Jock se inclinó hacia delante en la silla, frunciendo el ceño desconcertado cuando, a través del altavoz, llegó un sonido parecido a un aparato de fax transmitiendo.
– ¡Qué raro! Ahí está de nuevo -dijo.
– ¿El qué? -preguntó Ross.
– Ese sonido. Uno de los supernumos debe estar transmitiendo una señal utilizando un scrambler digital.
– ¿Y?
– Pues que no es muy normal, eso es todo.
– ¿Por qué canal? -preguntó Dave, curioso.
Jock le dio al botón de sonido en el transmisor-receptor para tratar de limpiar el ruido ambiental de fondo.
– Parece estar entre frecuencias -dijo sacudiendo la cabeza.
– Quienquiera que sea probablemente está tratando de sostener una conversación sobre un asunto privado -dijo Ross encogiéndose de hombros-. Hay un montón de cabrones entrometidos por ahí. Nunca se sabe quién puede estar escuchándote. Lo leí el otro día en el periódico. Cada vez hay más espionaje industrial.
– Eso es cierto -dijo Jock con un acento más espeso que el puré de patatas-. Pero lo digital es algo muy sofisticado -dijo mirando acusador a Dave-. Incluso para un supernumo multimillonario. Normalmente, sólo los militares y los servicios de inteligencia utilizan esa clase de juguetes.
– ¿Estás seguro de que viene del Duke? -preguntó Dave.
– Positivo. Mira la fuerza de la señal. Estamos justo encima. Y, además, la VHF tiene un alcance muy corto. Máximo cincuenta millas. Si alguien está emitiendo, es para alguien que está bastante cerca.
– ¿Puedes establecer la posición? -preguntó Dave.
– Con este equipo no.
Jock cogió un cigarrillo a medio fumar y dio unas caladas hasta devolverlo a la vida.
– Hay otra posibilidad -añadió-, si la señal no procede realmente del buque.
Dio otra chupada al cigarrillo, lo apagó en un platillo y empezó a liar otro.
– Bueno, espero que no tengamos que quitarnos la ropa interior para que nos lo cuentes.
Jock lamió el papel de fumar.
– Es posible, he dicho sólo posible, ¿eh?, que estemos encima de un submarino -se puso el cigarrillo en la boca y encendió una cerilla-. Esos cabrones se dedican a toda suerte de jueguecitos estúpidos.
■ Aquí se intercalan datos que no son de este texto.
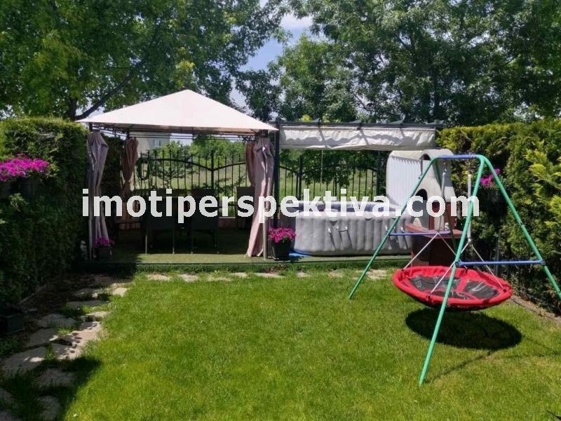 Предлагаме Ви двуетажна къща на ТИХО и СПОКОЙНО място за живеене с АКТ 16! На първото ниво се състои от СВЕТЪЛ и ПРОСТОРЕН хол с кухненски бокс, трапезария, тоалетна, мокро помещение и топла връзка с гаража. На второто ниво се състои от ТРИ спални, ДВЕ бани с тоалетна, гардеробна и офис. Към таванската част има стълбище и може да бъде обзаведено и да се ползва за живеене.Дворът е с барбекю зона, джакузи и шатра. Къщата е с подово отопление и конвектори във всяка стая. Кухнята е оборудвана с висок клас електроуреди. В хола има камина на био етанол.

Si es un submarino, probablemente nos esté usando para un ejercicio. En este mismo momento podría estar haciendo ver que nos dispara un torpedo.
– Es una idea reconfortante ahora que nos preparamos para irnos a dormir -dijo Dave.
– Sí -dijo Ross-. Y pensar que es para ayudarnos a todos a dormir tranquilamente en nuestras camas por lo que hacen todas esas cosas estúpidas…
A bordo del Carrera, Kate finalizó su conversación con el primer oficial del Galveston, el submarino de ataque clase 688 que, como acababan de informarle, estaba a 60 metros por debajo de los cascos gemelos del Duke. Se sentía mucho mejor sabiendo que tenía compañía, aunque sólo fuera hasta el mar de los Sargazos. Después, les esperaban varios cientos de millas a través de la depresión de Cabo Verde antes de que pudieran contar con su nueva escolta, un submarino nuclear francés, en otro hito bajo las aguas, la meseta del Gran Meteoro.
Estaba sentada con Sam Brockman detrás de las cortinas corridas y las puertas cerradas del salón de la timonera. Brockman estaba pendiente del gráfico electrónico, más por costumbre que por necesidad. Era un hombre alto -demasiado alto para estar verdaderamente cómodo en el yate: con su metro noventa y cinco, siempre andaba rozando con su pelo gris acero los techos forrados de gamuza del Carrera - y tenía el aspecto de alguien que ya lo ha visto todo. A Kate le caía bien; su aire tranquilo le inspiraba una gran confianza, y admiraba su sentido del deber, pero por encima de todo le gustaba que compartiera su baja opinión de Kent Bowen.
– ¿Dónde está su excelencia? -preguntó Kate.
– Dormido. En su camarote. Hizo buenas migas con la cerveza durante el partido por la tele. Y hemos de contar, además, el vino que trasegó en la cena. Diría que hoy ha bebido tanto como ha respirado. Parece que va a representar el papel de un gato gordo y perezoso hasta el último pelo del bigote, Kate. No tanto su sentido del deber como por la influencia del alcohol. Me sorprende que se las haya arreglado para mantener la boca tan bien cerrada. Hasta ahora.